Wednesday, November 28, 2007

Transitive reduction

Quick note to self, having stumbled on the Wikipedia page on transitive reduction. Given a graph like this:

the transitive reduction is:

Note that the original graph has an edge a -> d, but this is absent after the reduction because we can get from a to d via b (or c).

What's the point? Well, it occurs to me that a quick way of harvesting information about existing taxonomies (e.g., if we want to assemble an all embracing classification of life to hep navigate a database) is to make use of the titles of taxonomic papers, e.g., the title Platyprotus phyllosoma, gen. nov., sp. nov., from Enderby Land, Antarctica, an unusual munnopsidid without natatory pereopods (Crustacea: Isopoda: Asellota) gives us:

Crustacea -> Isopoda -> Asellota ->Platyprotus -> phyllosoma

From the paper, and or other sources we can get paths such as Asellota -> Munnopsididae -> Platyprotus and Isopoda -> Munnopsididae. Imagine that we have a set of these paths, and want to assemble a classification (for example, we want to grow the Species 2000 classification, which lacks this isopod). Here's the graph:

This clearly gives us information on the classification of the isopod, but it's not a hierarchy. The transitive reduction, however, is:

It would be fun to explore using this technique to mine taxonomic papers and automate the extraction of classifications, as well as names.

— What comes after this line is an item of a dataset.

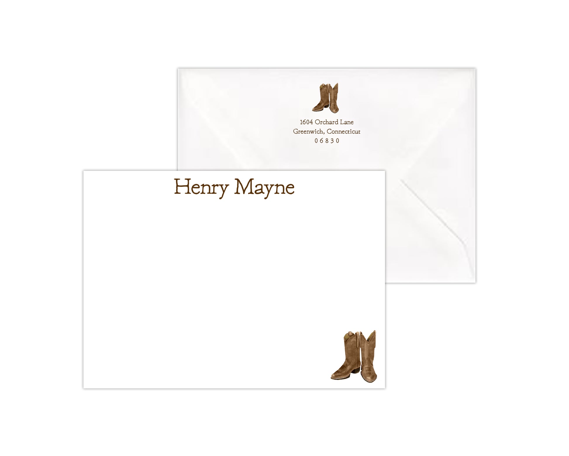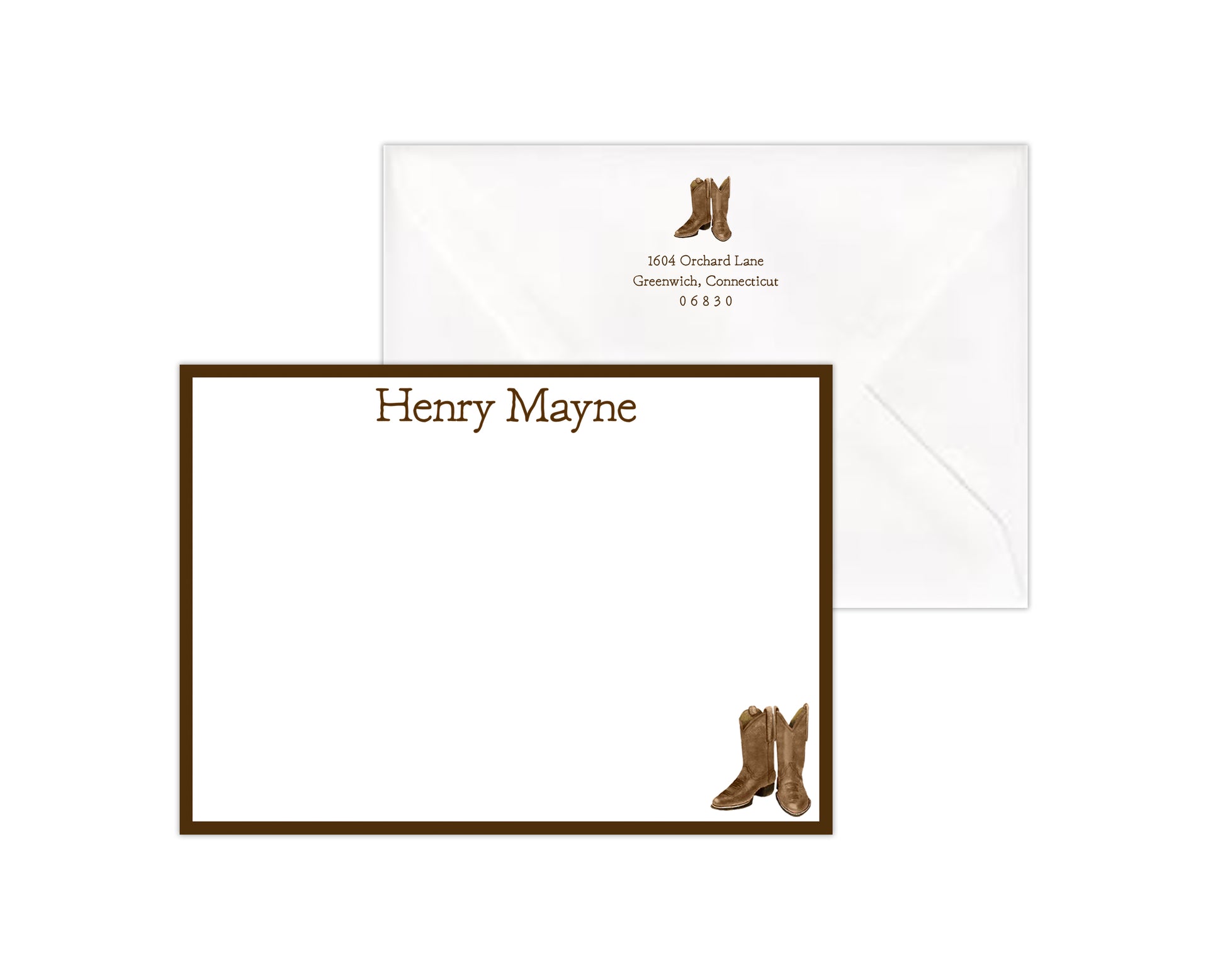 Featuring hand-painted brown boots, these personalized children’s A6 flat notes with coordinating envelopes are perfect for thank you notes, memos to teachers and more.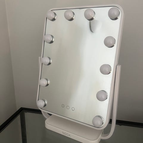 Neliönmuotoinen meikkipeili integroiduilla valaisimilla. Peilin molemmilla sivuilla on useita pyöreitä lamppuja, jotka antavat tasaisen valaistuksen kasvoille. Kehys on vaalea ja peili on tarkoitettu sisäkäyttöön, esimerkiksi meikkaustilaan. Sähköjohto tulee peilistä, ja peili voidaan sijoittaa seinää vasten tai kiinnittää seinälle rakenteesta riippuen.

Tuesday, November 20, 2007


Paulo Nuin recently interviewed me for his Blind.Scientist blog. The interview is part of his SciView series.

Friday, November 16, 2007

Thesis online

One side effect of the trend towards digitising everything is that stuff one forgot about (or, perhaps, would like to forget about) comes back to haunt you. My alma mater, the University of Auckland is digitising theses, and my PhD thesis "Panbiogeography: a cladistic approach" is now online (hdl:2292/1999). Here's the abstract:

This thesis develops a quantitative cladistic approach to panbiogeography. Algorithms for constructing and comparing area cladograms are developed and implemented in a computer program. Examples of the use of this software are described. The principle results of this thesis are: (1) The description of algorithms for implementing Nelson and Platnick's (1981) methods for constructing area cladograms. These algorithms have been incorporated into a computer program. (2) Zandee and Roos' (1987) methods based on "component-compatibility" are shown to be flawed. (3) Recent criticisms of Nelson and Platnick's methods by E. O. Wiley are rebutted. (4) A quantitative reanalysis of Hafner and Nadler's (1988) allozyme data for gophers and their parasitic lice illustrates the utility of information on timing of speciation events in interpreting apparent incongruence between host and parasite cladograms. In addition the thesis contains a survey of some current themes in biogeography, a reply to criticisms of my earlier work on track analysis, and an application of bootstrap and consensus methods to place confidence limits on estimates of cladograms.

1990. Ah, happy days...

Thursday, November 15, 2007

Phyloinformatics workshop online

Slides from the recent Phyloinformatics workshop in Edinburgh are now online at the e-Science Institute. In case the e-Science Institute site disappears I've posted the slides on slideshare.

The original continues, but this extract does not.